When is the 4th amendment implicated?

| Sep 27, 2011 | Criminal Defense |

In a recent criminal defense case the interaction between an officer and the Defendant was a mere “encounter” rather than an investigative detention in Hughes v. State because the officer activated the squad car’s white overhead lights rather than the red and blue lights.  Also, the position of the car relative to the defendant’s vehicle did not entirely prevent the defendant from leaving. 

The officer observed the suspect’s car in a parking lot of a park that was legally parked with the headlights on.  As the officer approached, the headlights of the criminal defendant’s vehicle turned off.  The officer parked his marked police jeep at an angle to the defendant’s car and turned on the bright overhead white lights.  The officer then illuminated the front of the defendant’s vehicle with his spotlight.  He testified that he did no observe any illegal activity, but that the park area has a high incidence of drug and prostitution activity.  The lights activated by the police officer in this case were not his overhead emergency lights which flash red and blue, but rather the overhead white safety or “take-down” lights.  

The court believed that distinction to be extremely important.  Under some circumstances, overhead lights that are “take-down” lights could be sufficient along with other circumstances to indicate a sufficient demonstration of authority.

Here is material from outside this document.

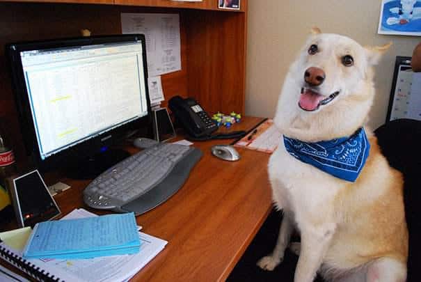 Sauf que l’argent ne rentre pas tout seul et il faut bien aller au charbon ! Certaines personnes ont la chance de pouvoir emmener leur animal de compagnie sur leur lieu de travail. De récentes études montrent d’ailleurs que cela serait excellent pour la productivité…une idée à laquelle beaucoup de patrons ne se font pas encore mais bon… Une choses est sûre c’est que lorsqu’ils sont au boulot avec nous, nos amis à 4 pattes sont les stars ! Cela n’a d’ailleurs pas l’air de leur déplaire….

If an investigative detention occurs, then the fourth amendment protection against warrantless searches and seizures is implicated.  However, where there is merely a police encounter, there is no protection for a citizen who is ultimately accused of committing a crime.  There are many different levels of police encounters, from just a casual crossing of the paths with a citizen to restricting their ability to leave freely by making an arrest.